Today is Pioneer Day. In honor of the pioneers, I cleaned off my patio. Yahoo! I am feeling liberated and also slightly remorseful because I sent off the nifty, but very bedraggled 60's patio furniture that I got from my neighbor's estate sale. Something is prodding me to keep it, repaint it, and make new cushions for it. I must be realistic, however. In what century would that happen? Not this one. I will pass that project on to someone else. Sigh. Unexpected benefit: Joe and Ted have rediscovered the lovely, level expanse of cement and played broom hockey all evening on it.
Things that Paige said today: Mom! Mom-mom! Moooooom! Up. Num-num. More (sign). Please (sign). Shoe (sounds like "shhhhhh"). Woof. Moo. Quack (sounds like "kak"--it's my favorite animal sound that she makes--SO cute).
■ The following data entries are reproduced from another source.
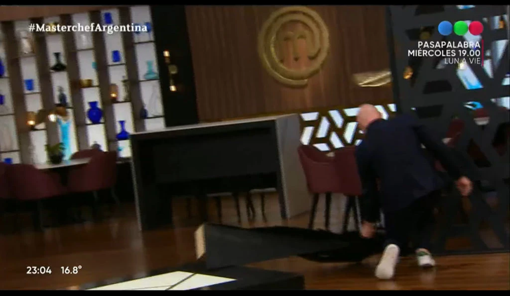 Luego llegó el turno de Germán Martitegui quien ocupó el lugar de del Moro. “Participantes, quedan sólo cinco minutos”, dijo el jurado sujetando el cartel de Santiago del Moro. “Apúrense porque esto termina”, señaló serio. Sin embargo, un movimiento en falso le jugó una mala pasada y todo terminó en blooper.
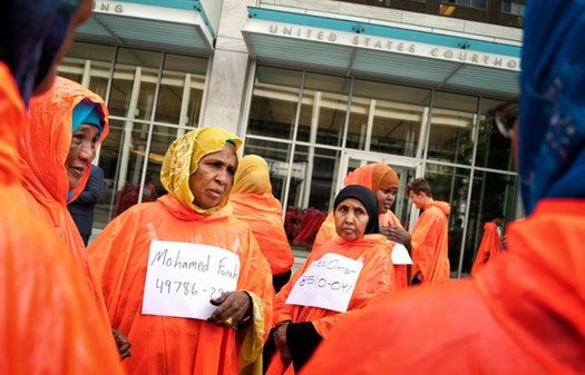The argument was scheduled in one of the Eighth Circuit courtrooms in the Minneapolis federal courthouse where the case was tried. During trial, Somali and other supporters of the defendants held protests against the charges outside the courthouse and packed the courtroom. On appeal, Somali supporters of the defendants resumed their position outside (at right).
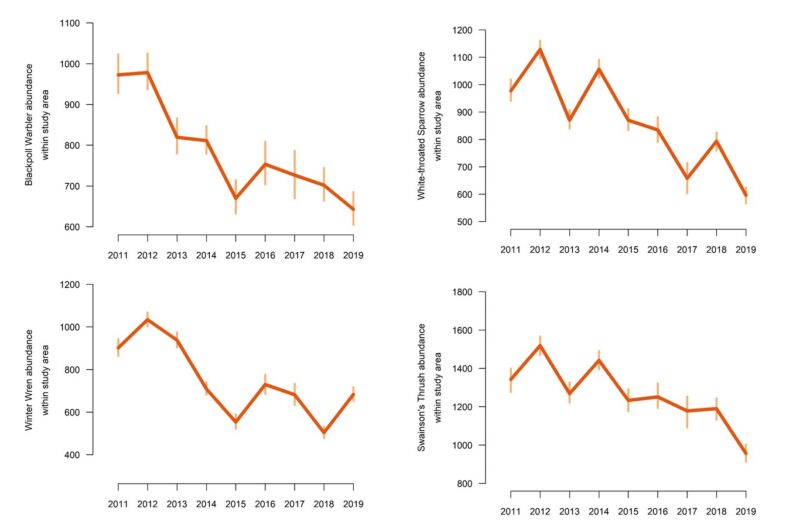 Of the 10 bird species monitored by Mountain Birdwatch citizen scientists, five have experienced steady and substantial declines from 2011 through 2019 in the northeastern United States, including Blackpoll Warbler (upper left), Winter Wren (lower left), White-throated Sparrow (upper right), and Swainson’s Thrush (lower right). Panels show the local abundance estimates (thick orange lines) of these four species each year around the ~750 Mountain Birdwatch sampling stations. Vertical orange lines present the 95% Bayesian credible interval – a measure of uncertainty surrounding the annual population estimates.
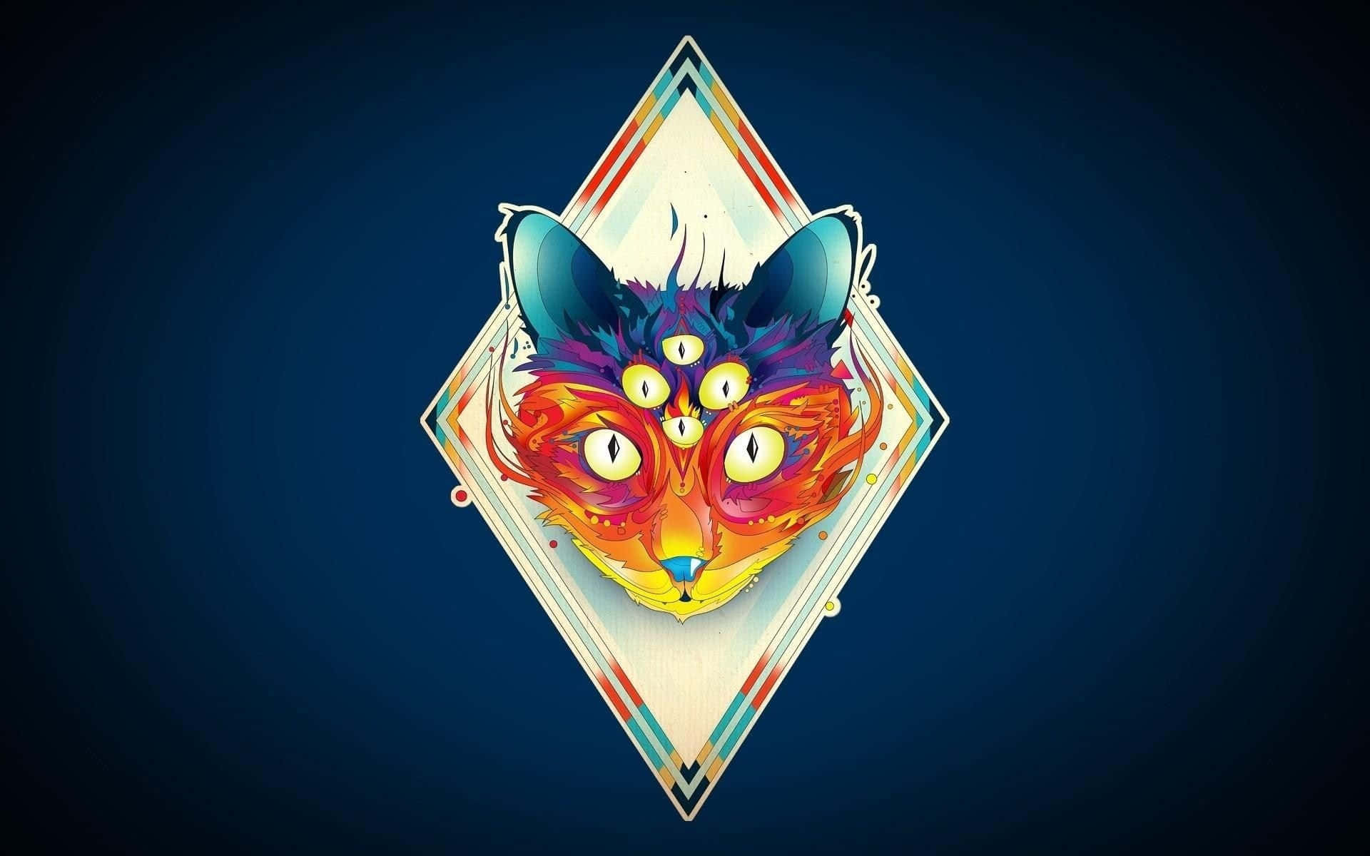 Related Cool Art Cat Head With Six Eyes Wallpaper

Hi. Hi. Hi. Dad. Dad. Dad. Bye-bye (sounds like "die-die"). Lydia (Ya-ya). Ted (Ded). Joe (Doe). Bev (Bob). Kay-ko (the all purpose word--it means thank you, here you go, give it to me, I'm the cutest baby ever, etc.)
I dearly love all my children and each one is my favorite child, but this Paigey-bug has me bound up in ways that I can't explain. I think I've developed some extra nerve endings that are in her body.